From Table III, we can see that CenterHash outperforms CenterHash-G in most cases. The underlying reason is that CenterHash-G, which is only trained on two categories, cannot capture the data distribution well, resulting in poor generalizability. This also demonstrates the necessity of training models on all three categories. Besides, the performance of CenterHash-G on AIBL is generally better than those on ADNI1 and ADNI2. This may be because AIBL contains less MCI images (compared to ADNI1 and ADNI2), so only using AD and NC images for model training has less impact on AIBL. Moreover, the results also show that CenterHash can outperform CenterHash-W by substantially large margins of 3.280%/2.978%, 4.610%/2.720% and 2.945%/3.590% in terms of the average MAP for cross-modal retrieval tasks ”M → P” and ”P → M” on ADNI1, ADNI2, and AIBL, respectively. The possible reason is that CenterHash-W (using the standard contrastive likelihood loss) neglects the class imbalance problem, and may degrade the retrieval performance. In contrast, CenterHash with the proposed weighted contrastive likelihood can re-weight training pairs according to class importance, providing a flexible solution for the data imbalance problem.
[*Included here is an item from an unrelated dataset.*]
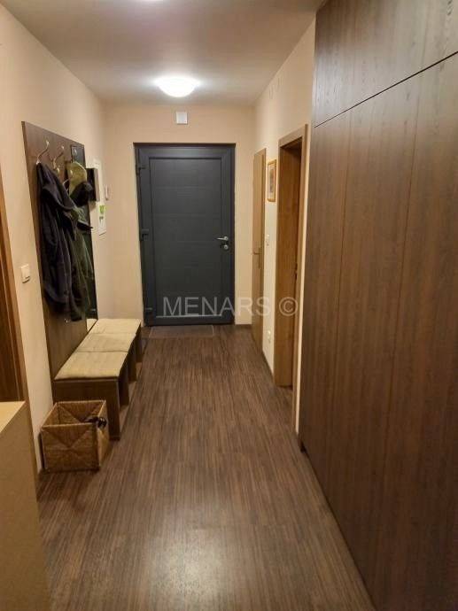 Sastoji se od ulaznog predprostora/hodnika, kupaone 1 s tušem i wc-om, dnevnog boravaka, kuhinje s blagovaonom, spavaće sobe, radne sobe, dječje sobe, sobe za goste, kupaone 2 s kadom i wc-om, te ostave u kojoj se nalazi plinski protočni bojler i perilica rublja.

Furthermore, we can also obtain that with the proposed center prior, CenterHash outperforms CenterHash-C by substantial margins of 2.758%/2.803%, 3.035%/3.663%, and 2.995%/3.175% in terms of the average MAP in the tasks ”M → P” and ”P → M” on ADNI1, ADNI2, and AIBL, respectively. This implies that encouraging hash codes from different modalities to be close to the common class centers (as we do in CenterHash) can potentially enhance the inter-class difference and mitigate the inter-modal discrepancy, thus boosting the search performance.

V. Conclusion

This paper presents CenterHash for multi-modal neuroimage retrieval. Specifically, the proposed CenterHash formulates the hash code learning problem in a Bayesian learning framework, where a center prior is proposed to explicitly encourage hash codes of the same class from different modalities to be close. Besides, a weighted contrastive likelihood loss function is also developed to address the imbalanced data problem. Comprehensive empirical evidence suggests that our CenterHash yields state-of-the-art cross-modal retrieval performance on three multi-modal neuroimage datasets. As the future work, it is interesting to incorporate the relevance feedback [52] into our framework to further improve the search performance of information retrieval systems.